[Records contained in a dataset]
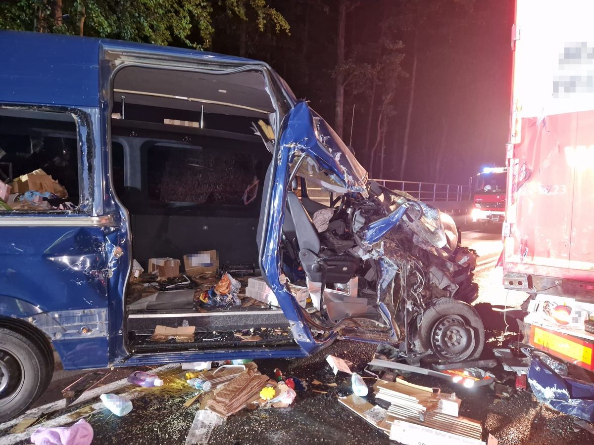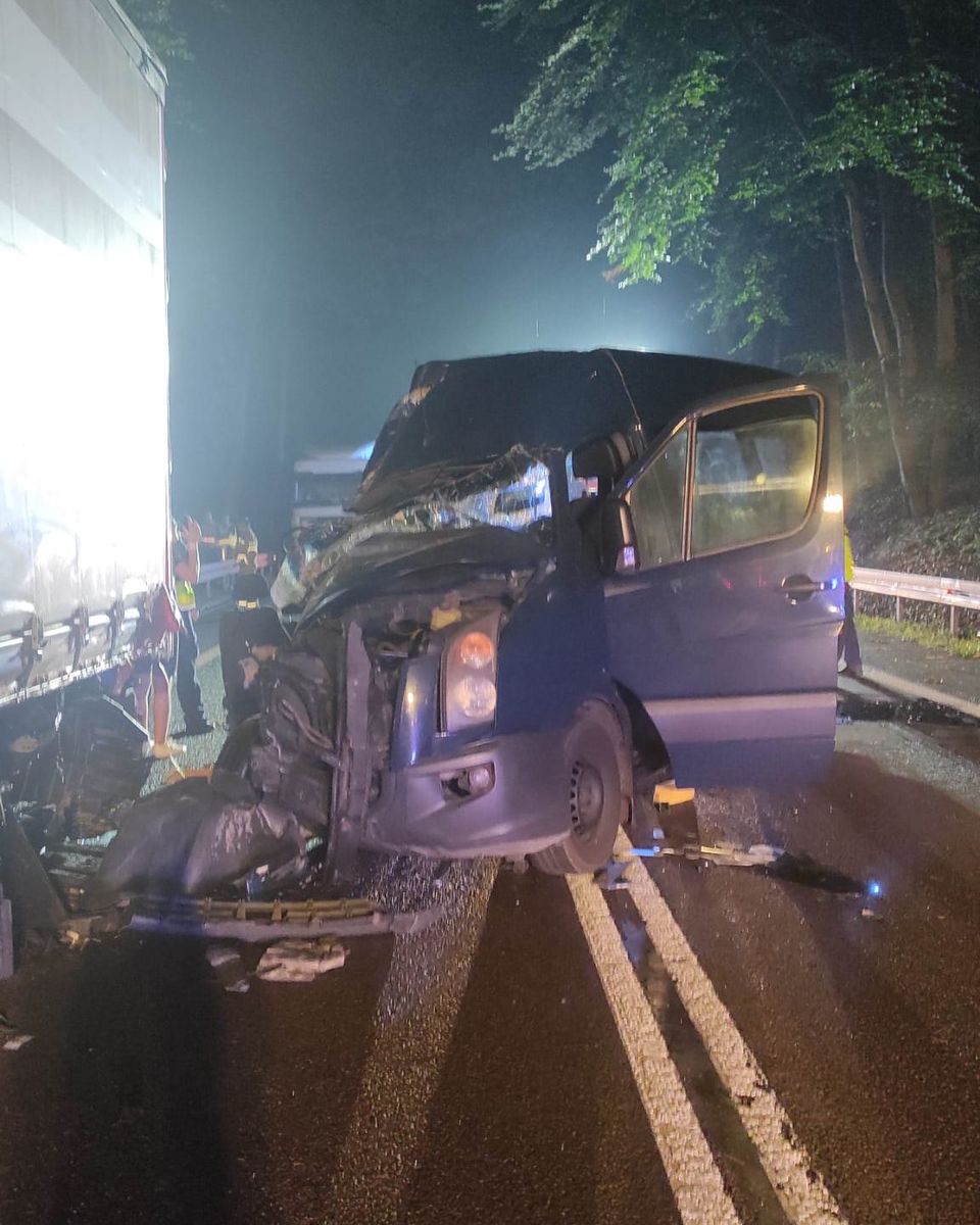 Wstępne ustalenia wskazują, że 29-letni ob. Ukrainy kierujący Volkswagenem typu bus, z niewyjaśnionych dotąd przyczyn uderzył w tył naczepy stojącego na poboczu TIR-a. Busem podróżowało 9 osób, z czego 6 (w tym dwoje dzieci) z obrażeniami ciała trafiło do szpitala. 33-letni ob. Ukrainy, który przyjechał ciężarówką m-ki Renault i oczekiwał w kolejce do przejścia granicznego w Hrebennem, był trzeźwy i nie odniósł obrażeń. Mundurowi sprawdzili również stan trzeźwości kierującego busem, także był trzeźwy. Został zatrzymany i przebywa w policyjnym areszcie. Wyjaśniamy przyczyny i okoliczności tego zdarzenia.
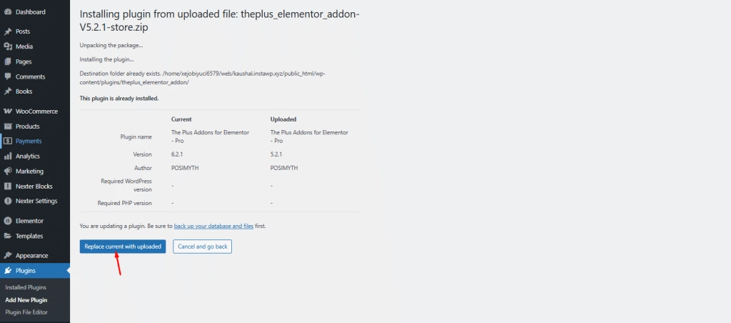 5. On the next page, it will show the current and uploaded version comparison click on the Replace current with uploaded button.
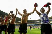 Guadalajara, Jal. 16 de abril. Los jugadores atlistas festejaron su salvación en la presente campaña y ahora ya hasta piensan en clasificar a las finales. "Nos quedan dos partidos y vamos a intentar avanzar a la liguilla", expresó un entusiasta Daniel Osorno, quien anotó su segundo tanto de la campaña.
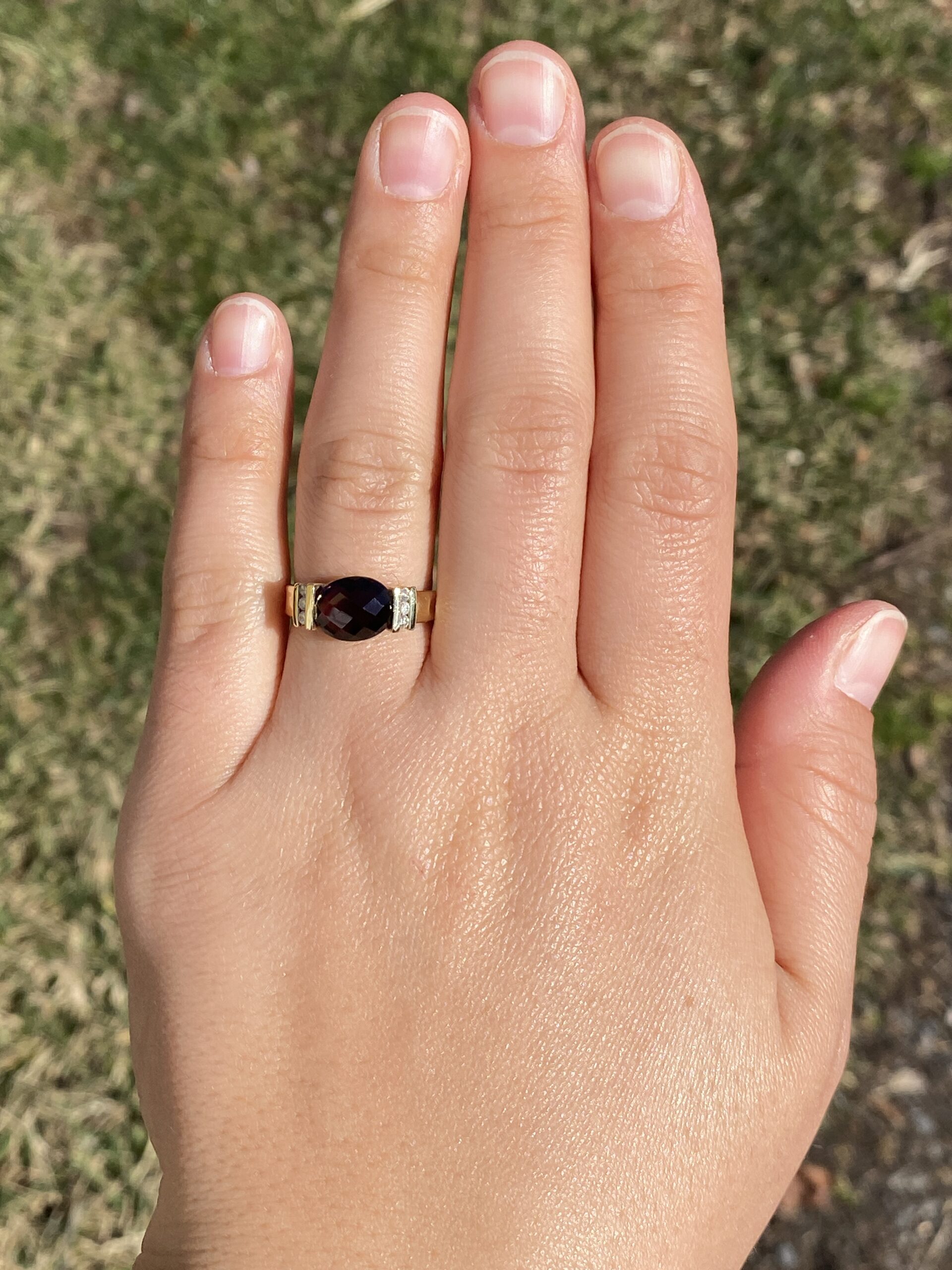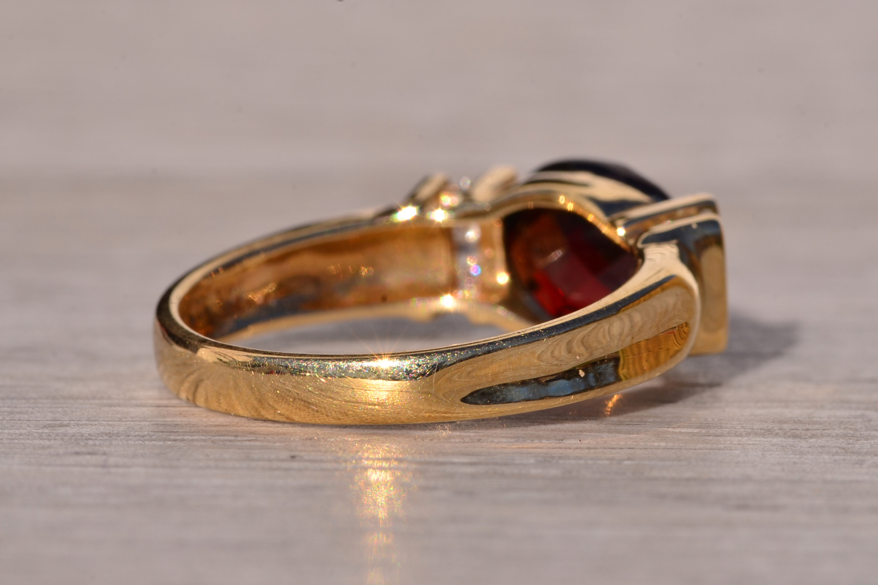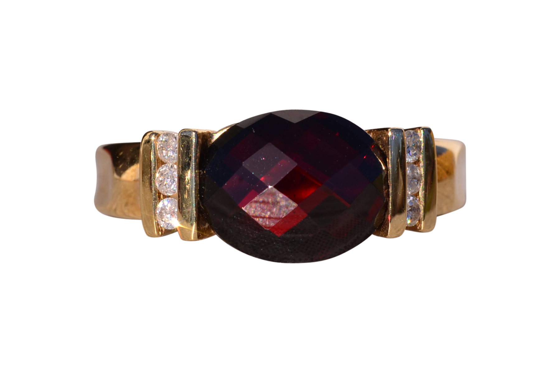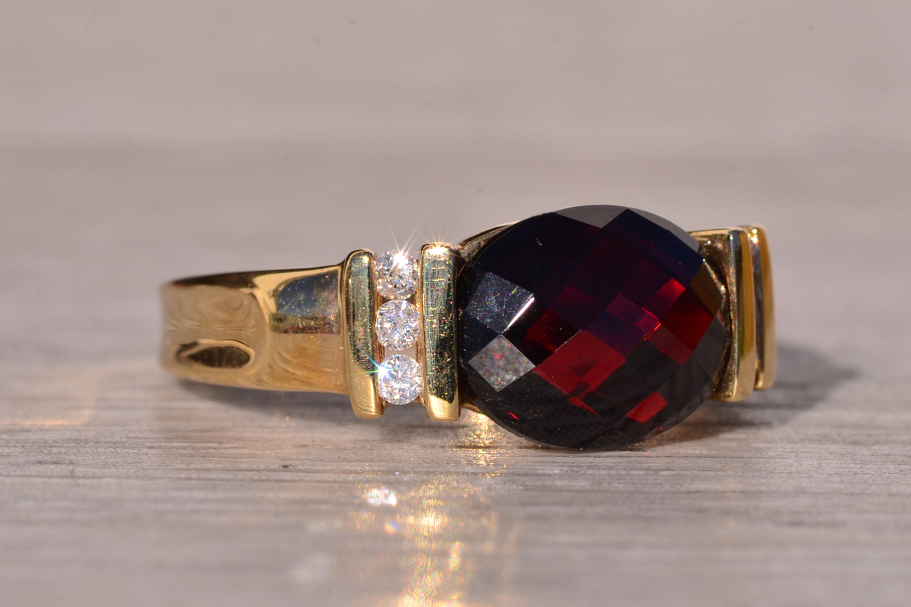The Lawley: Checkerboard Cut Natural Garnet and Diamond Ring in Yellow Gold. This captivating ring features a central oval checkerboard cut natural deep orangish-red garnet, elegantly bar-set in an East to West orientation, drawing attention with its rich and vibrant hue. Surrounding the center are three round brilliant cut natural diamonds, channel-set to enhance the overall allure of the piece. Crafted with precision in 14 karat yellow gold, this ring exudes warmth and sophistication. Currently sized at 7.25, it can be adjusted to fit any finger size upon request for an additional charge, ensuring a perfect and comfortable fit for the wearer.
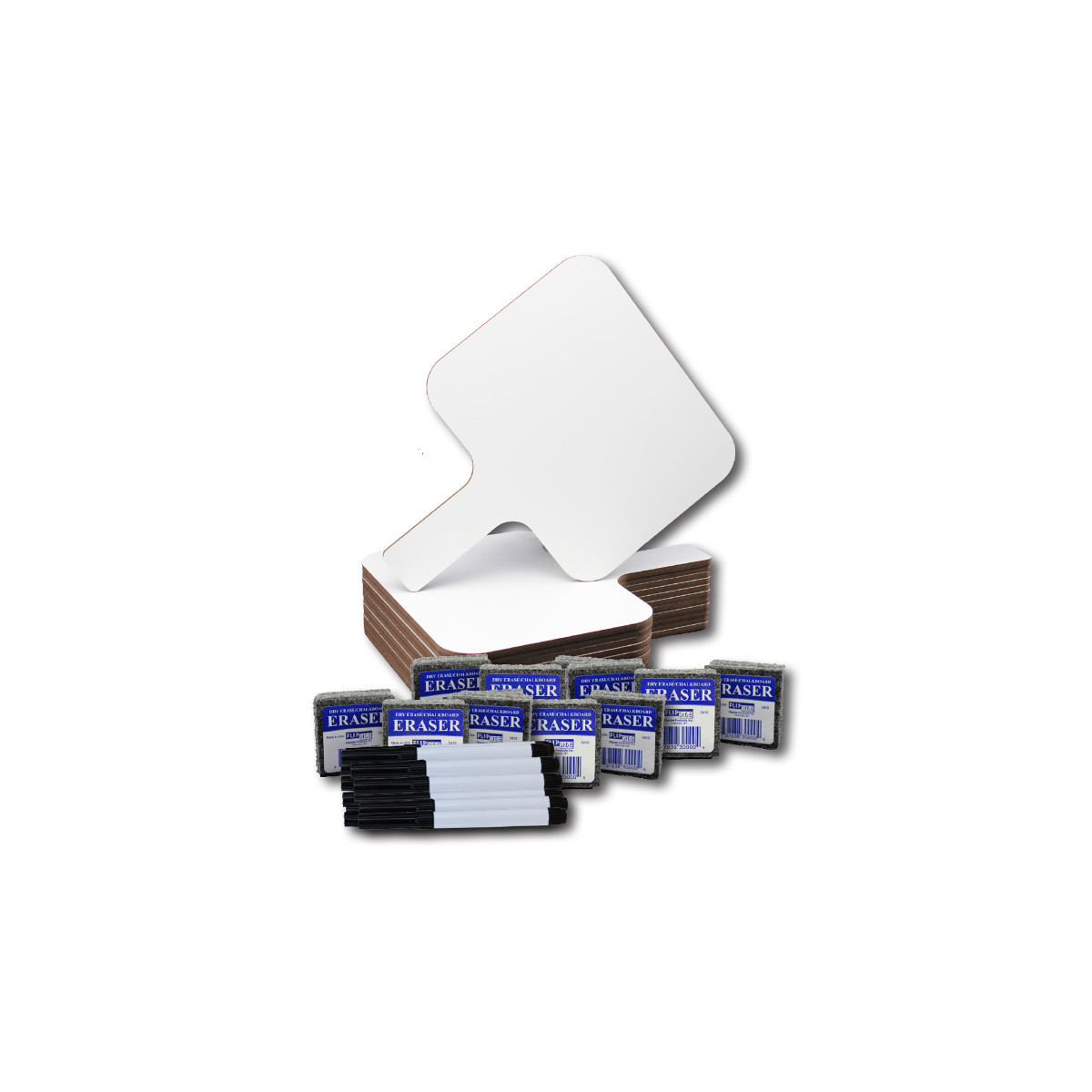 - Set includes 12 paddles, 12 felt erasers, and 12 black dry erase pens
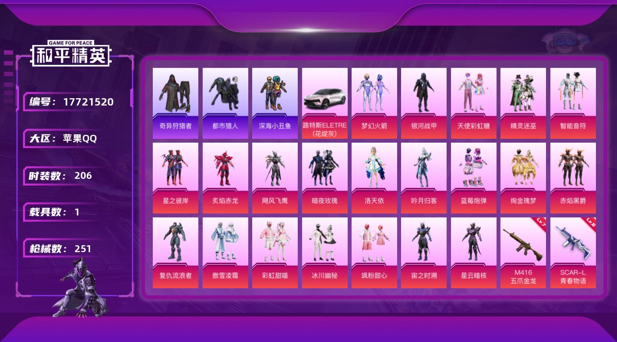 [17721520]苹果 手Q-21粉装-11特效枪-1载具-4粉色飞行器-86159热力值-10王牌印记-206套装-251枪皮
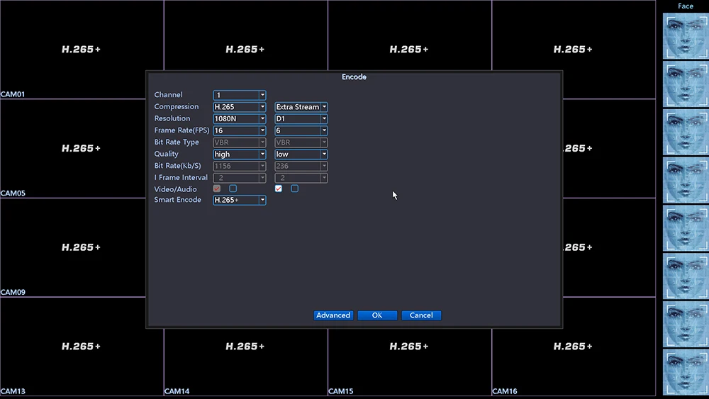 Это AHD H.265, не такой, как IP H.265, не требуется для камеры, если ваша камера является AHD камерой и свяжитесь с этим dvr, это будет H.265 хранения, может сэкономить около 50% оперативной памяти, чем обычный ahd dvr
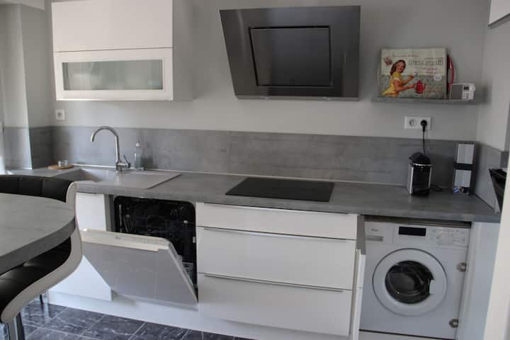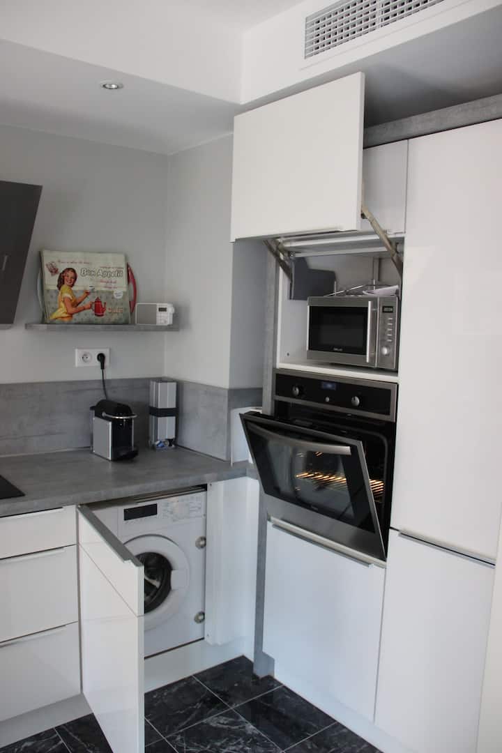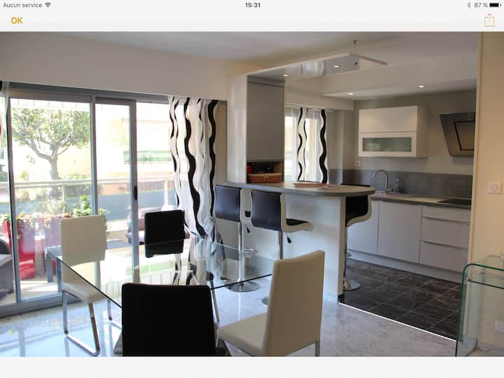 ฉันเช่าห้องสองห้องของฉันที่ตกแต่งโดยนักออกแบบภายในทั้งหมด สถานที่เงียบสงบที่จอดรถสะดวกใกล้ร้านค้าทั้งหมดและเดิน 7 นาทีถึง La Croisette และชายหาด

• _TASK_
Give back exactly, and solely, the section of the data above bounded by the line containing "5. On the next" and the line containing "Guadalajara, Jal. 16", both bounding lines included and pictures omitted.

• _FINISHED EXERCISE_
 5. On the next page, it will show the current and uploaded version comparison click on the Replace current with uploaded button.
 Guadalajara, Jal. 16 de abril. Los jugadores atlistas festejaron su salvación en la presente campaña y ahora ya hasta piensan en clasificar a las finales. "Nos quedan dos partidos y vamos a intentar avanzar a la liguilla", expresó un entusiasta Daniel Osorno, quien anotó su segundo tanto de la campaña.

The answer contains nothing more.